Гончарова и Дантес. Семейные тайны — страница 14 из 40

При первом свидании, – если не ошибаюсь, чуть ли не на похоронах, – Софья Ивановна, под горячим впечатлением, передала племяннице эту предсмертную беседу, заявляя полную готовность подчиниться устному распоряжению покойной.

Для Натальи Николаевны это наследство являлось целым независимым состоянием, и она свободно могла бы вздохнуть от постоянных мелких дрязг, но добрые порывы не всегда осуществляются.

Прошло несколько времени, и Наталья Николаевна была приглашена на торжественную аудиенцию к графине Софье Ивановне. Она, видимо, стеснялась говорить о происшедшей перемене в ее намерениях; совесть ее, вероятно, протестовала против несправедливого деяния и она предоставила слово графу Григорию Строганову, который холодным, напыщенным тоном объявил Наталье Николаевне, что ему удалось убедить графиню не поддаваться влечению ее доброго сердца. Было бы безрассудно доверять целое состояние такой молодой, неопытной в делах женщине; до сих пор она всегда во всем подчинялась признанному авторитету Екатерины Ивановны, служившей ей опытной руководительницей, но кто может поручиться, что с сознанием независимости в ней не пробудится жажда полной свободы?

В заключение нравоучительной проповеди объявлялось, что графиня, не оспаривая ее прав в будущем на завещанное наследство, решила в настоящем не оформлять их и сохранить имение в своих руках, а доходами распоряжаться по своему усмотрению и из них уделять Наталье Николаевне столько, сколько ей покажется нужным для ее поощрения.

Из всего высказанного последнее показалось матери самой горькой обидой.

Легко было Строганову с высоты своих миллионов относиться к ее стесненному положению; простительно престарелой тетушке считать ее еще девочкой, несмотря на тридцатилетний возраст; но предполагать, что она способна перед ней унижаться, заискивать ее расположения ради денег, – этого не могла она снести. С необычайной для нее твердостью она ответила, что графиня вольна поступать, как ей заблагорассудится, но что она напрасно думает, что, удержав имение, она приобретет на нее большее влияние, по выражению графа, «может забрать ее в руки». Напротив, всякое желание проявить ласку, оказать предупредительность будет отныне сковано мыслью навлечь на себя подозрение в корыстной цели. Не денежную помощь ценила она в Екатерине Ивановне, а ту материнскую заботу, которой она постоянно ее окружала. И столько было искренности, горячего чувства к ее отповеди, что, хотя они и не отступили от намеченного плана, но нравственная победа осталась не за седовласыми богачами, а за обездоленной ими молодой женщиной.

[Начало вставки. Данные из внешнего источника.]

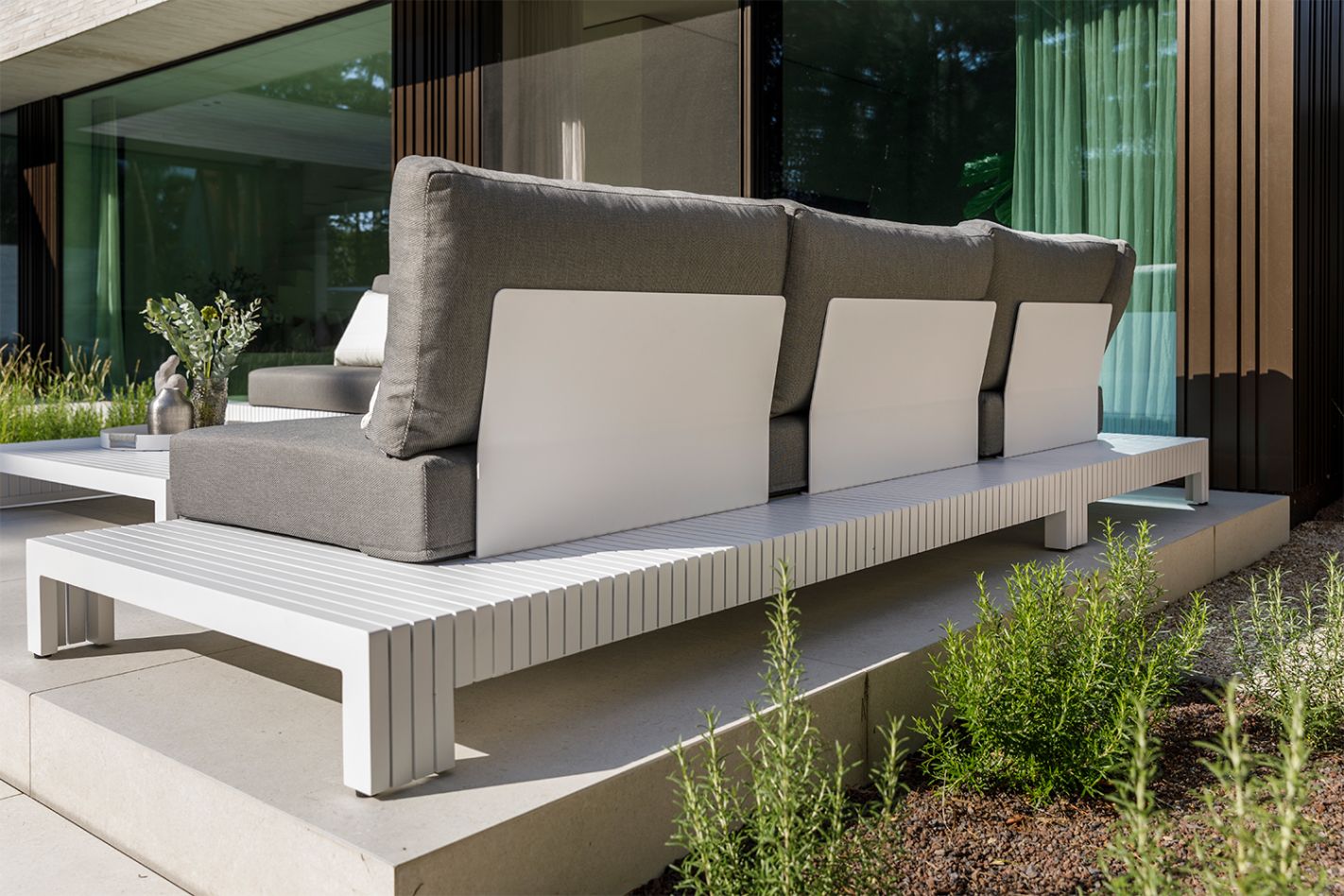 Eines der markantesten Merkmale von Zagros ist der Rhythmus der Aluminiumlamellen, die sich sowohl an der Vorder- als auch an der Rückseite des Rahmens wiederholen. Diese klare Linie verleiht dem Set einen modernen und minimalistischen Look. Der Rahmen besteht vollständig aus Aluminium, was nicht nur ein zeitloses und elegantes Design bietet, sondern auch maximale Witterungsbeständigkeit garantiert.

Несмотря на все лишения, усугубившиеся за последний год ее вдовства, она никогда не упрекала тетку в несправедливости и корысти и убежденно повторяла, что, не вмешайся граф Строганов со своими советами и внушениями, она не преминула бы исполнить последнюю волю умершей сестры.

В этом же году, в весьма близком расстоянии от Екатерины Ивановны, скончалась также Екатерина Николаевна Геккерен, в Альзасе, в замке Soultz, принадлежащем ее мужу.

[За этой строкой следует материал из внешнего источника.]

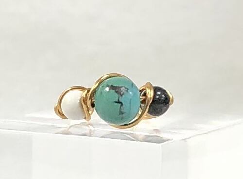 【 商品詳細 】◆商品コード KER-201 ◆商品名 ターコイズ イヤーカフ ◆アイテム イヤーカフ ◆価格 ¥1,680- ◆サイズ 約16.3×14.3ミリ 天然石サイズ: 中国産ターコイズ 約6ミリ×1、ブラックトルマリン 約4ミリ×1、マグネサイト 約4ミリ×1 材質:アーティスティックワイヤー(ノンターニッシュブラス)使用 ◆備考 *こちらはターコイズ、ブラックトルマリンなどを使用したタイプの商品ページになります。*画像内のその他商品はディスプレイで付属致しません。その他のデザインは別の商品ページになります。

Хотя, как выше уже было сказано, смерть Пушкина прервала всякие отношения между сестрами, – от других членов семьи я узнала, что тревожное предчувствие Натальи Николаевны относительно супружеского счастья сестры сбылось. Разочарование в надеждах и ревниво гложущее горе, подтачивая организм, преждевременно свели ее в могилу.

Она привязалась к мужу с беззаветной страстью и годами убеждалась, что ничто не в силах победить его равнодушие и холодность. Она была готова пожертвовать жизнью, чтобы изгладить роковое прошлое, и болезненно чувствовала, что сама служит неразрывным звеном с далекой, но незабвенной соперницей.

У нее одна за другой родились три дочери, своим появлением на свет нанося ей тяжелый удар. Она знала, что муж жаждет иметь сына, и хваталась за эту мечту, как за последнее средство вызвать в нем искру благодарной любви.

Экзальтированный склад ума приготовлял в ней благоприятную почву для католической пропаганды. Искусный аббат улавливал страждущую душу для царства небесного земной приманкой. Он настойчиво твердил ей, что Мадонна сжалится над ней, прекратит ее душевные муки, даруя сына, но необходимо отречься от еретических верований: тогда она заслужит любовь мужа и в единой истинной римской церкви обретет счастье и покой.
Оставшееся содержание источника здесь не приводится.